I looked through viewfinder, gave them the countdown, and took the shot. Later, when I saw the picture, I noticed him at the edge of the group, standing as far as possible without being standoffish and smiling in a way that looked more like a grimace. His neatly combed black hair, ramrod straight posture, and dark-brown eyes, focused right on the camera, told me he hadn’t been drinking as long or as much as the rest of his crew, which made sense to me once I got to know him and realized he was a complete control freak. He’s a big guy and he tends to tower over everyone; that night was no exception. Plus, he has some pockmarks on his face, scars from acne in his youth, which give him an intimidating appearance. Though most people wouldn’t have described Adan as handsome, his intensity, his strength, and that bit of rough in his voice made him sexy as hell in my book.
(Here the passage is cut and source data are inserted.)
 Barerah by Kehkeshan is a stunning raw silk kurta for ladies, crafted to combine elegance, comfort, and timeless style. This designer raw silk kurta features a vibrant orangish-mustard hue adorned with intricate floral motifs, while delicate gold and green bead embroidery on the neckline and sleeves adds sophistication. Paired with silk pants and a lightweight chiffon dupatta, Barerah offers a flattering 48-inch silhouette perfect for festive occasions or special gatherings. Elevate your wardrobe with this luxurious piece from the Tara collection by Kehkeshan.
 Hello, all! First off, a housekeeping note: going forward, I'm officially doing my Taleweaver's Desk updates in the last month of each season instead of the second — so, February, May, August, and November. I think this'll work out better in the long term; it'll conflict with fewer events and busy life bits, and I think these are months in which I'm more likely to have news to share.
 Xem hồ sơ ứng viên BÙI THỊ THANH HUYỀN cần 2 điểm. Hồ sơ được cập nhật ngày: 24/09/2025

It isn’t the most flattering photo I have of Adan, but it is the best reflection of the man I met that night. There were times later when I thought I snuck in under the cool exterior, times I thought the heat between us would melt all that ice away for good. But when I think of him back then, back when it all began, that rough, aloof guy is who I see in my head. So that picture of Adan clustered at a bar with his law school classmates is the next one I’m putting in the album.

Adan Navarro

THE second he walked into that bar, I knew he was gay. No straight guy would wear mint-green pants or a sleeveless white shirt, both tight enough to show everything underneath. And then there was his hair. Not the color, which was a rich, shiny brown. But the way he had it cut—long on the sides and even longer on top, and styled in a swirl thing. We were in a bar, so the lighting wasn’t great, but when I peered at his lips, I was pretty sure he had something on them to make them look so shiny and soft. And maybe his eyelashes too, because they couldn’t be that long naturally.
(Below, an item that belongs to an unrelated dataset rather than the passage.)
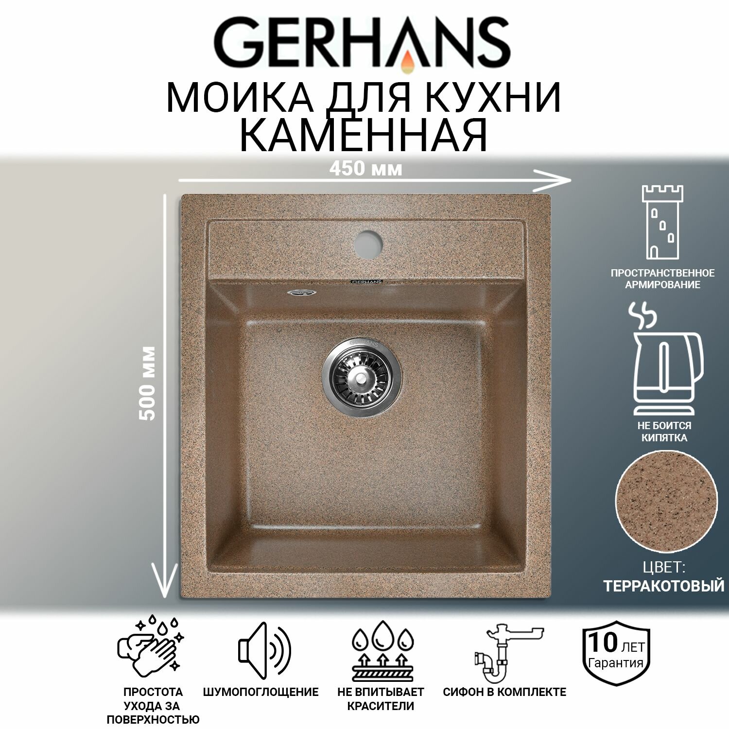 Мойка для кухни Gerhans A45-23 Терракот (Беларусь) 500х450 мм: сравнение цен, характеристики, фото, актуальное наличие и цены.

I was willing to bet the guy got his ass kicked on a regular basis, looking like that. Not that I condoned violence, but I figured he was asking for it. Otherwise he could have dialed down the whole “I’m here, I’m queer” look.
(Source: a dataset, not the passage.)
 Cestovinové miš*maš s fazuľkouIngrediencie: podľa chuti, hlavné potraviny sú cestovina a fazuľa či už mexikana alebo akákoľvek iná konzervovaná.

When I came out to my family, they were shocked. I was too strong, too big, too masculine to be gay. That’s what they said. Two years and twenty-five hundred miles later, they still refused to accept the fact that I wouldn’t someday walk into my parents’ house with a woman on my arm. But I knew it wasn’t going to happen, no matter how many times my mother cried or my father gave me the cold shoulder.